The Court also noted that its decision in In re Janssen Biotech, Inc., 880 F.3d 1315 (Fed. Cir. 2018), was instructive. In that case, the patentee attempted during reexamination to amend its patent to delete a benefit claim to a parent application. In view of Janssen (and other decisions), the Court indicated that it had "previously acknowledged that amending an earlier-filed parent application may affect the priority of its child applications." The Court therefore concluded that "[t]he Board . . . did not err in determining that the ʼ381 patent was not entitled to claim the benefit of the filing date of the first application under § 120, as the priority claim in the ʼ381 patent was defective from the start."
With regard to NAI's second argument, NAI asserted that MPEP § 201.11 (now § 211) permitted an applicant to change a benefit claim in a pending application, but that such "alteration applies only to the instant application—not other, . . . applications." The Court, however, pointed to the USPTO's argument (the Director had intervened in the appeal) that NAI was reading MPEP § 201.11 "too narrowly," arguing that "the [MPEP] passage does not state that cancellation of a benefit claim may be considered a waiver in only the instant application," and that "the intentional cancellation of a benefit claim pursuant to MPEP § 201.11 can similarly affect another application's entitlement to a benefit claim" (emphasis in USPTO brief). Agreeing with the USPTO, the Court stated that "we have reviewed MPEP § 201.11 and find that nothing in its text limits the scope of waiver to only the instant application" (emphasis in opinion).
With regard to NAI's third argument, the Court noted that NAI failed to "provide any argument to undermine the long-standing interpretation of priority as a single chain, growing with each additional Continuation," adding that "[t]he Supreme Court has previously explained that under § 120, parent and continuing applications 'are to be considered as parts of the same transaction, and both as constituting one continuous application, within the meaning of the law,'" citing Godfrey v. Eames, 68 U.S. 317, 326 (1863).
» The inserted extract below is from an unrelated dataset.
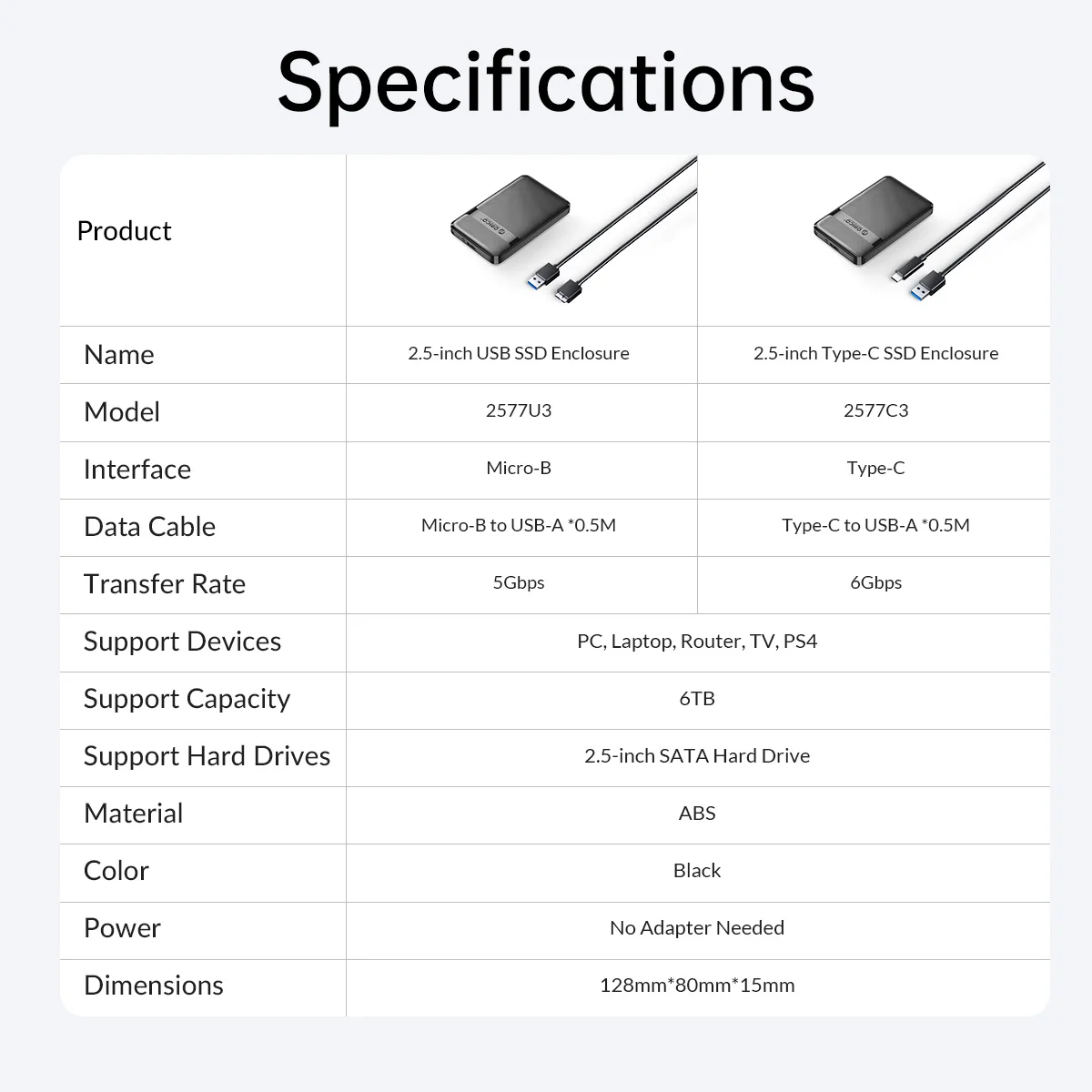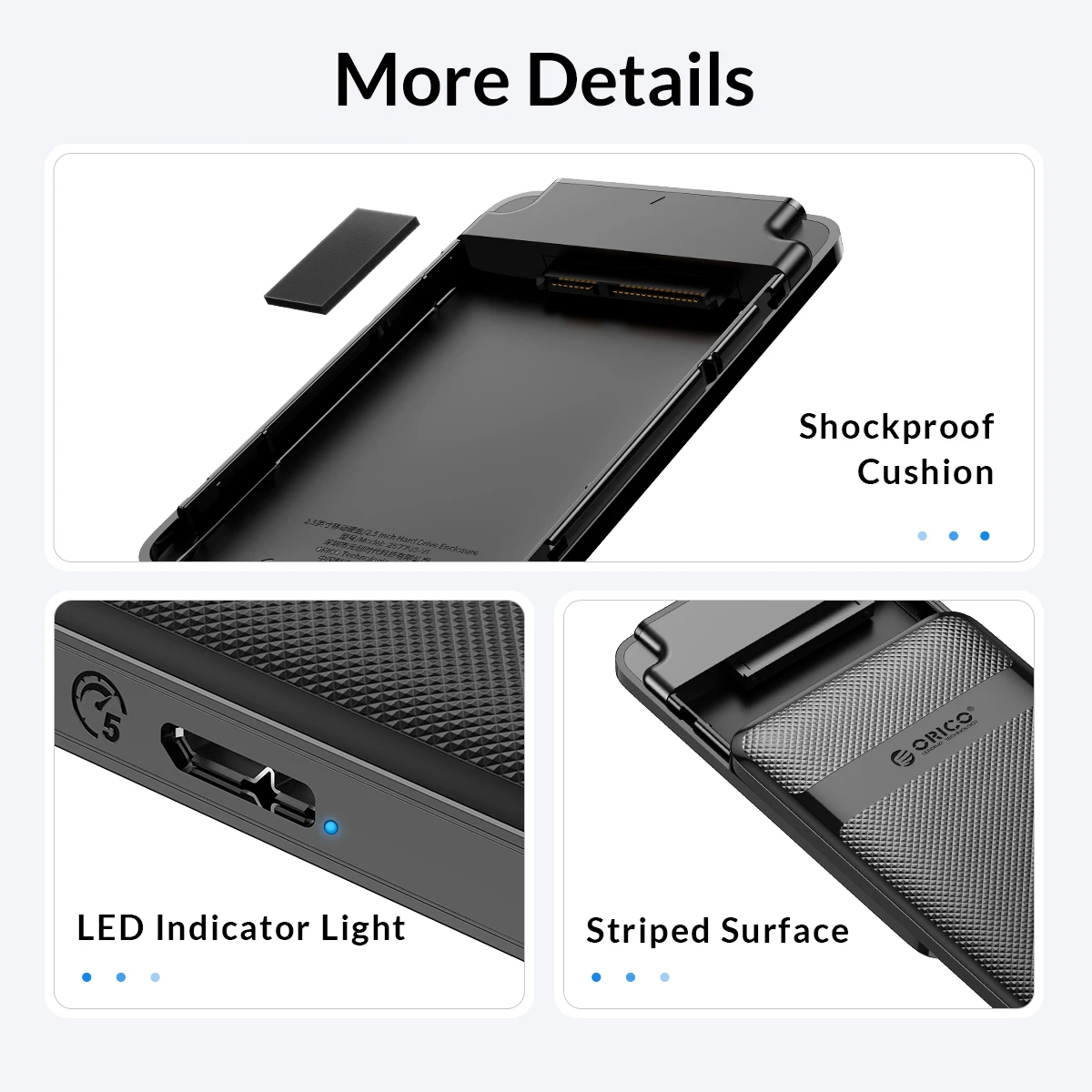 • Compatibilidad SATA de 2,5 pulgadas:Diseñado SATA para discos duros de 2,5 pulgadas, este gabinete ORICO proporciona una forma conveniente de acceder a sus datos de almacenamiento en cualquier momento y en cualquier lugar.

The Court therefore declined to adopt NAI's interpretation of chain of priority.
Finally, with regard to NAI's fourth argument, the Court noted that "NAI's argument suggests that NAI need not trade the benefit of an earlier filing date in order to gain patent term." The Court explained that "[u]nder NAI's theory of priority . . . NAI could gain patent term on its fifth application while simultaneously shielding its child applications (including the eighth application) from their former parents." Rejecting NAI's argument, the Court indicated that "NAI cannot have it both ways."
Finding NAI's arguments to be unpersuasive, the Court affirmed the Board's final decision invalidating the challenged claims of the '381 patent.
In a companion opinion, the Federal Circuit affirmed the Board's final determination affirming the Examiner's rejection of the claims of U.S. Patent No. 8,129,422, which issued from the seventh application in the chain, for the reasons stated in its opinion on the '381 patent.